Starting from the difficulties experienced in the language and in the governance, Carbon adopts a different approach for both areas.

 

Language

Carbon wants to start from scratch including:

  • Modern generics system.
  • Modular code organization.
  • Simple syntax.

Carbon wants to be “a successor language […], rather than an attempt to incrementally evolve C++,” according to Carruth’s post on carbon-lang.

For this reason, it gave up on transparent backward compatibility while remaining interoperable with and migratable from C++.

 

Governance

Carbon wants to be more inclusive by:

  • Building on open-source principles, processes and tools. This makes contributing easier and more transparent.
  • Having a clear governance structure that can make decisions rapidly when needed.
  • Expanding the ecosystem with tools that provide a rich developer experience (compiler, standard library and IDE tools) and tool-based upgrades.
  • Bridging a gap in the C++ ecosystem with a built-in package manager.

 

How Will Carbon Be Governed?

Carruth expanded on Carbon’s governance while talking about culture and community. This includes:

  • An inclusive and welcoming community, with a comprehensive code of conduct.
  • A friendly and approachable community.
  • Open process for governance and changes.
  • Decisions with clear rationale, especially when a difficult trade off.

Though Google first founded Carbon, the aim is to reduce the contributions from any single company to less than 50 percent by the year’s end.
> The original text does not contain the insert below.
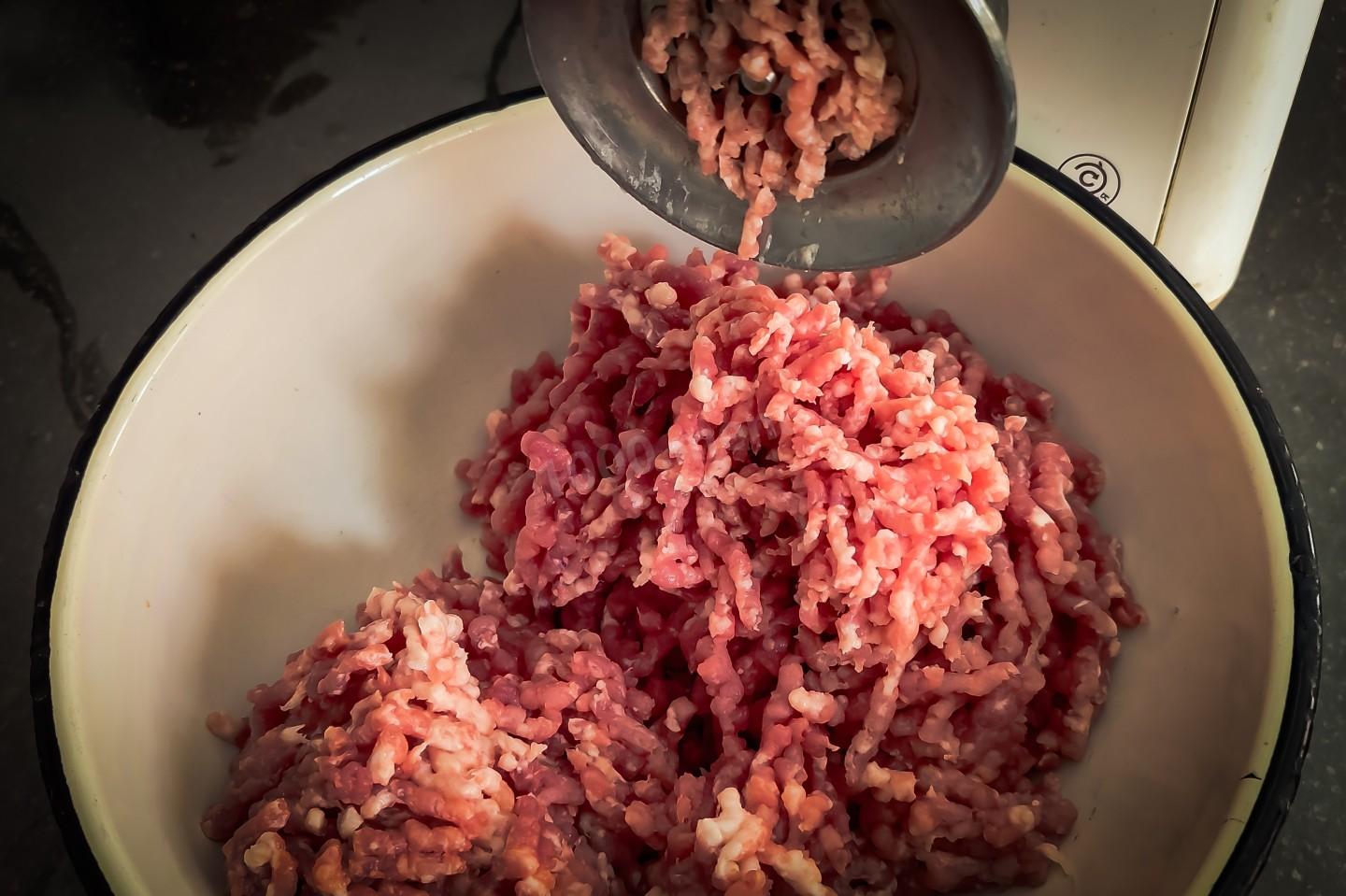 Пропустить кусочки мяса через мясорубку с самой маленькой сеточкой.

Eventually, they hope to transfer ownership of the project to a nonprofit software foundation, where it will be developed by volunteers.

 

How Has Carbon Been Received?

As Carbon has rolled out, developers have shared their feelings via posts, tweets and comments:

  • Developers seem to be mostly optimistic about Carbon
  • Most love the interoperability with C++.
  • There is some skepticism around Carbon replacing C++. Some argue that Carbon will excel in a niche but won’t become widely adopted.
  • Immutable declarations are preponed by let, which might be confusing for developers coming from JavaScript. However, this will be smooth for devs coming from Swift.
  • Public members by default seems to be a controversial decision. The reasoning seems to be that since you will mostly read the public functions in your API, it makes sense to expose them.
  • Rust supporters have been addressed: “If Rust works for you today, you should use it. But moving a C++ ecosystem to Rust is hard.”
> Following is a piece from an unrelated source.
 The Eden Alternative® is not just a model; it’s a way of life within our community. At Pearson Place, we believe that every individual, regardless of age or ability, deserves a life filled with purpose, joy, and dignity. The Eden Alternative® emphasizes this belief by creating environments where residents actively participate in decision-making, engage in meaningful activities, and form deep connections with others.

It’s still too early to evaluate Carbon, but it’s exciting to see a new project starting from scratch and making its first steps.

If you are interested, you could contribute and be part of something that might become very big in a few years.

An introduction to Google Carbon and whether it can replace C++. | Video: Fireship

More on Software Development: 10 Ways to Convert Lists to Dictionaries in Python

 

Explore Carbon Programming Language 

Fancy trying it out?

Carbon Explorer is “A prototype interpreter demo that can both run isolated examples and gives a detailed analysis of the specific semantic model and abstract machine of Carbon,” according to its documentation.